Politicians like to talk about their support for infrastructure. They mean support for new roads, new buildings, and even new utilities. Basically, they’re supporting the physical structures and organizations that help us function as a society. If you want to get a crowd to applaud, it’s common to support “new infrastructure.” Crowds eat that up, because new construction often means new jobs. And who doesn’t like creating more jobs?
Infrastructure matters in other ways as well. It doesn’t have to be a gigantic new office building to be a part of the infrastructure. Think of your office. It has infrastructure as well. One part of that infrastructure is your company’s IT team. The company definitely needs IT to operate, right? IT also needs a few things to make sure they’re contributing as much as possible to the company. For instance, the DevOps movement in IT is a response to the need for a quicker, more efficient infrastructure. It gets a bit complicated, but think of tech infrastructure like a highway. If the highway is crowded all day and every day, it’s possible that new lanes need to be opened up, or maybe a new road needs to be constructed.
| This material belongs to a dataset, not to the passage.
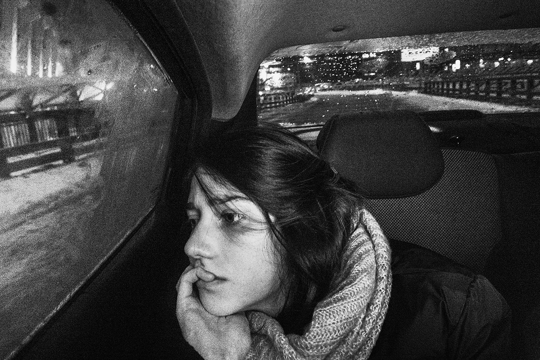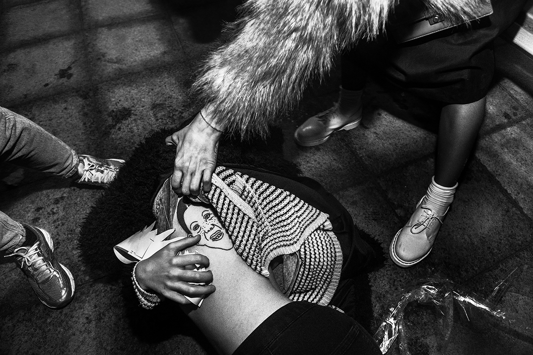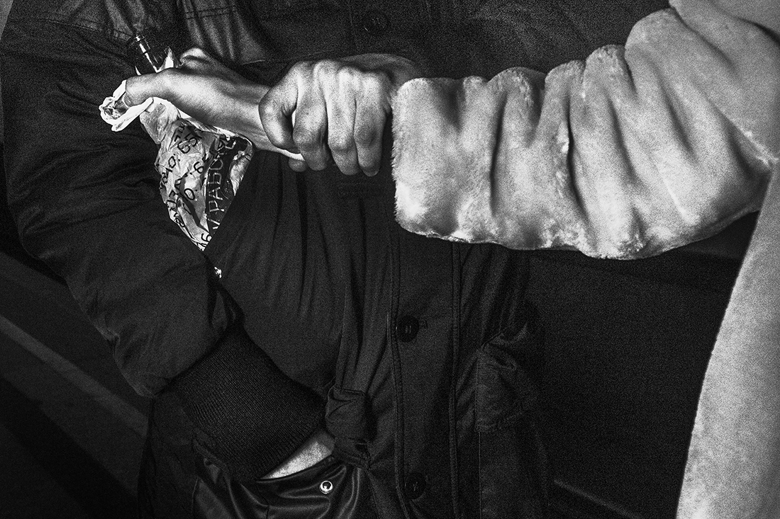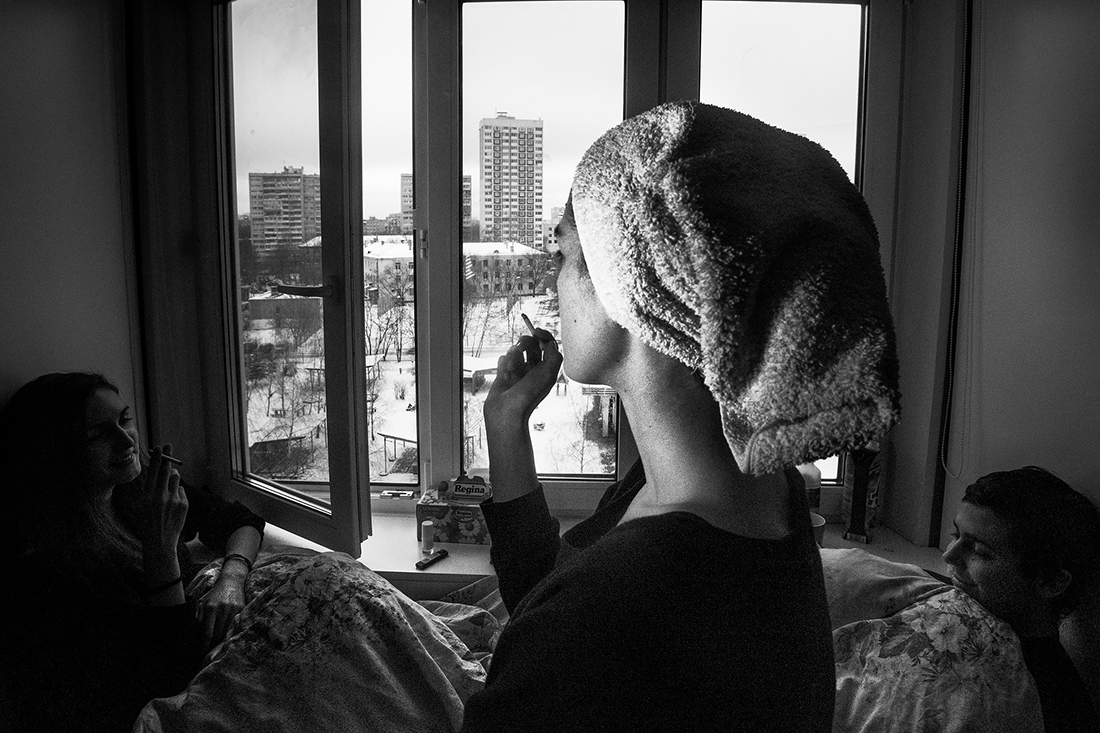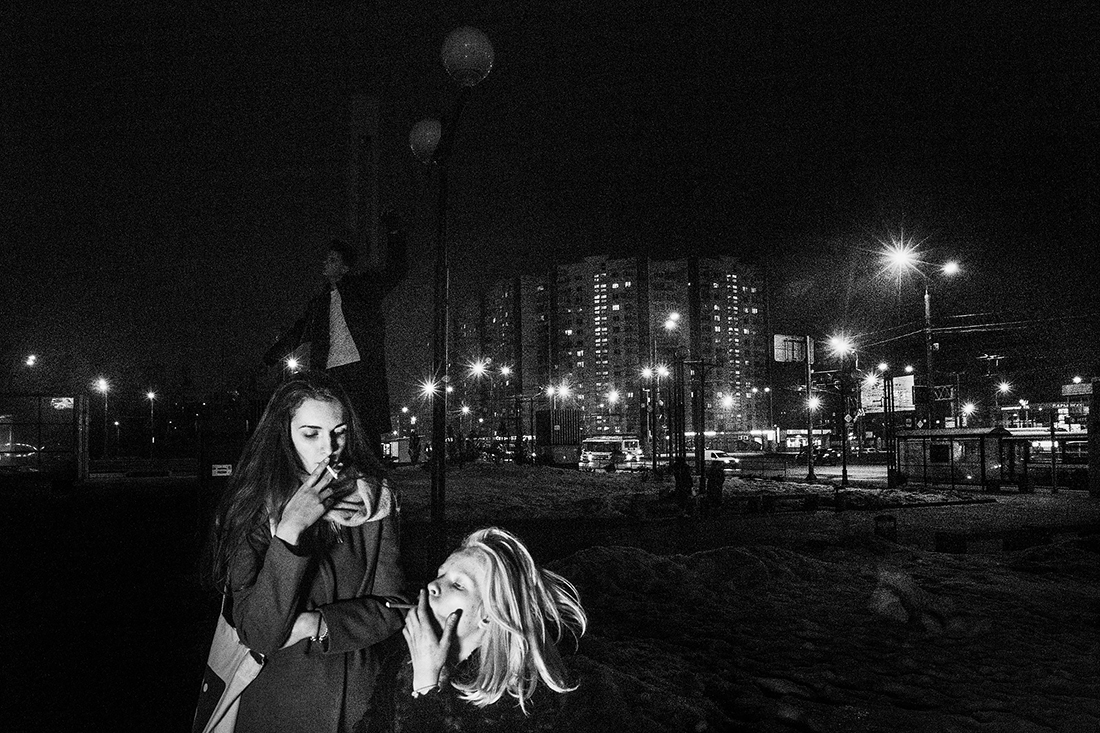 Veber hat zunächst viel mit Video gearbeitet und sich auf diesem Weg erst nach und nach an das stillstehende Bild herangetastet. Dieses ist bei ihm oft so großartig komponiert, dass die Banalität der Szenerie vollkommen hinter der Macht von Grafik und Erzählung zurücktritt. So scheinen bei ihm drei einander nackt umarmende Mädchen unter ihrer Bettdecke wie in einer Wolke zu schweben, der Arm eines Pelzmantels schiebt sich molluskenhaft ins Bild, um am anderen Bildrand eine Flasche aus einer Manteltasche zu ziehen, eine skurrille Tanzbewegung von Beinen in reflektierenden Leggings gibt dem Einschenken eines Tequilashots eine unfreiwillige Komik, und vor der Kulisse eines winterlichen Stalin-Hochhauses wirken beiläufig gehaltene Zigaretten wie in die Oberfläche des Fotos eingeschnittene Riefen – bildbestimmend. Alles ist dabei durchtränkt von heftigem Gefühl, von Träumerei, von Sexualität (soll man es hier Begehren nennen?), und auch von Rohheit und – unterschwelliger – Brutalität. Zärtlichkeit jedenfalls begegnet einem auf diesem Bildern nur in Momenten der Erschöpfung – oder, vielleicht, der Trance.

Information that can’t be moved fast enough is the equivalent of a traffic jam. Traffic jams are frustrating. They cost time and money. When you’re stuck in one, you need to find a solution, even if it means taking the nearest exit and using the back roads.
A company that can’t or won’t update its infrastructure is asking its employees to carry a big burden. They’re saying, “Yes, we’re not going to give you all the tools you need to succeed, but we still expect you to succeed anyway. It’s our fault, but we’re going to blame you if things go wrong. And things will probably go wrong.”
Think of the pipes in your home. If they’re operating like they’re supposed to, the water and sewage goes through smoothly. Your toilets flush correctly. The water runs strong when you turn on the shower. But if there’s a clog, you need to get that fixed. A refusal to do so means you’re weakening your infrastructure in the long-term for the sake of perceived short-term gains. That rarely works out as well as you think it well.
In short, a company without a solid infrastructure is selling both itself and its employees short. You need to show your employees that you care enough to give them a foundation to succeed. If not, it’s like you’re asking your employees to drive to work, but without using any roads.
An investment in infrastructure takes money, and a lot of companies don’t like to spend money, but this is one thing you really can’t cheap out on. Many big cities are struggling to adapt to growing populations, largely because their roads are old and they don’t have much in the way of public transit. In fact, the government in general has made a habit lately of talking plenty about infrastructure upgrades, but not doing anything when the rubber hits the (poorly maintained road). Don’t be like that. Invest where it counts. It’ll make for a much smoother ride.